**Available data**
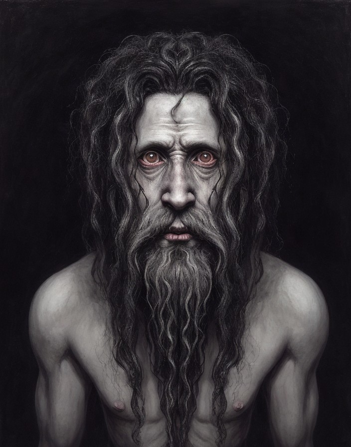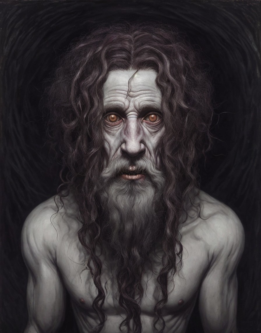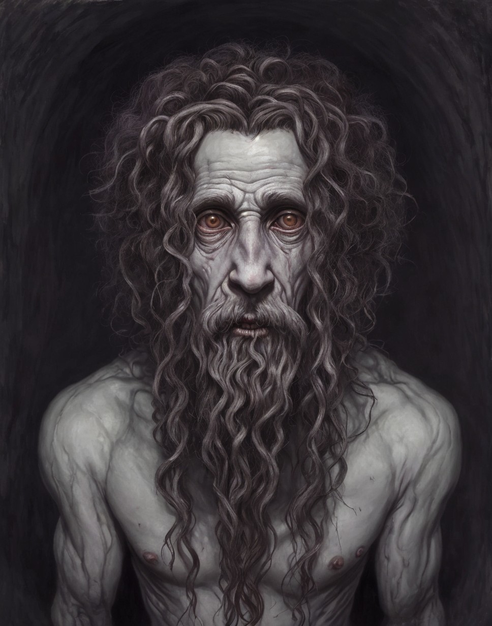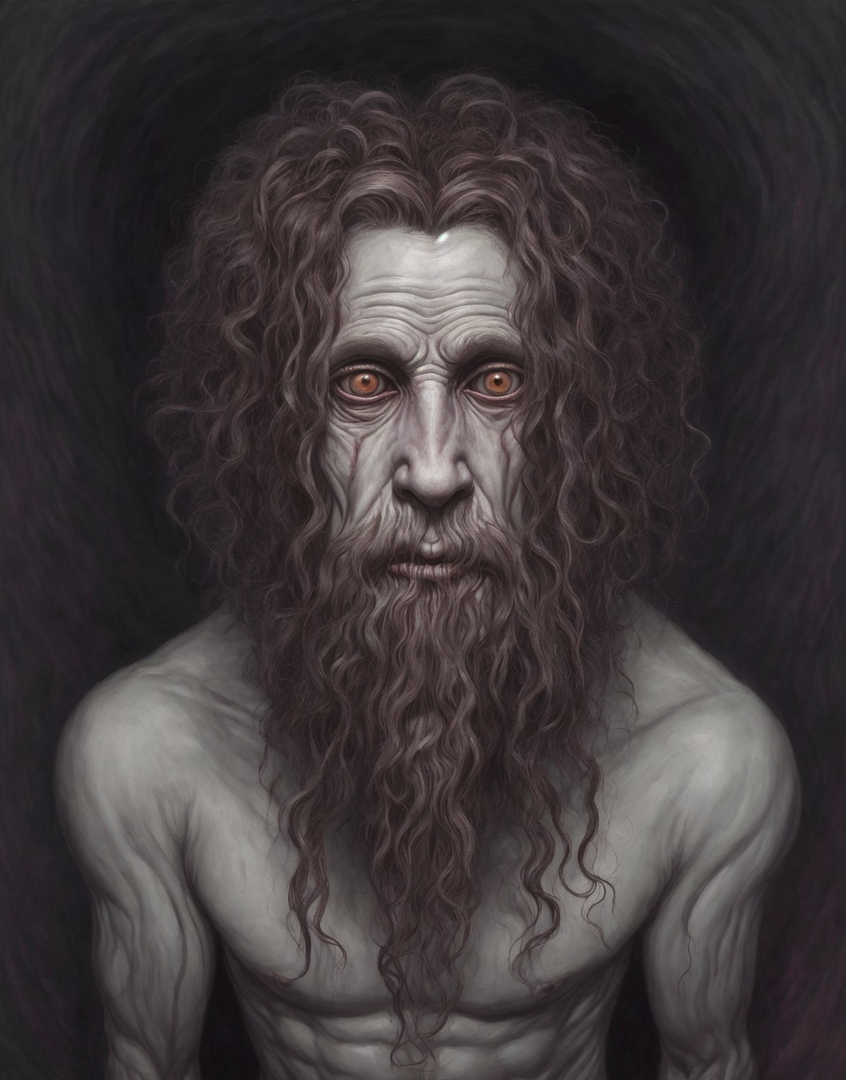 Intense portrait of a creature with wild curly hair, piercing yellow eyes, and a menacing gaze emerging from the darkness.
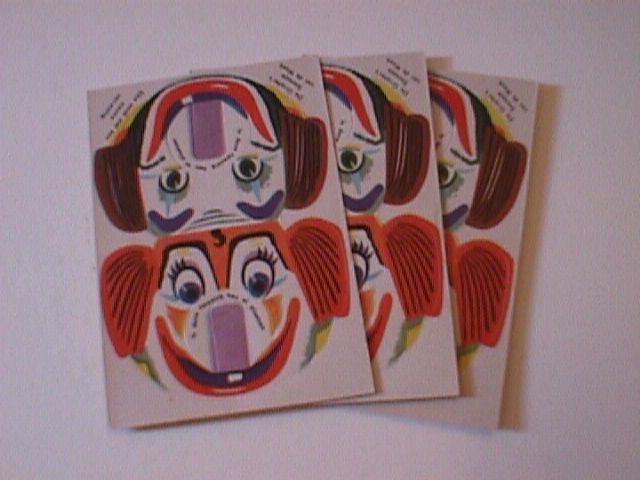 - BeschrijvingPapieren bouwplaat van een clownsgezicht, dat gevouwen kon worden in de vorm van een eihouder. Tekst: DE GRUYTER'S SNOEPJE VAN DE WEEK, ELKE WEEK EEN NIEUWE VERRASSING.
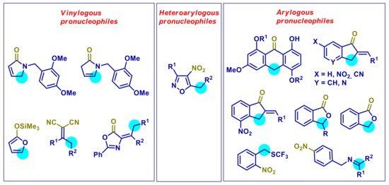 Vinylogous and (hetero)arylogous pronucleophiles employed in PTC processes. Blue halos indicate the preferential nucleophilic site. The leading electron-withdrawing group is marked in green.
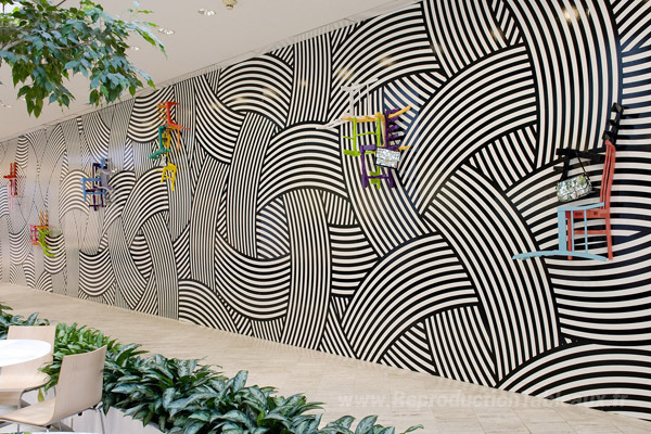 Nous vous proposons une reproduction artisanale sur toile du célèbre tableau 'RSVPmfa' de Jim Lambie, provenant du Musée de la Reproduction.

**Work task**
Return word for word the lines of the listing above, starting at the line with "- BeschrijvingPapieren bouwplaat" and ending at the line with "Vinylogous and (hetero)arylogous", both included. Pictures do not belong in the copy.

**Exercise output**
 - BeschrijvingPapieren bouwplaat van een clownsgezicht, dat gevouwen kon worden in de vorm van een eihouder. Tekst: DE GRUYTER'S SNOEPJE VAN DE WEEK, ELKE WEEK EEN NIEUWE VERRASSING.
 Vinylogous and (hetero)arylogous pronucleophiles employed in PTC processes. Blue halos indicate the preferential nucleophilic site. The leading electron-withdrawing group is marked in green.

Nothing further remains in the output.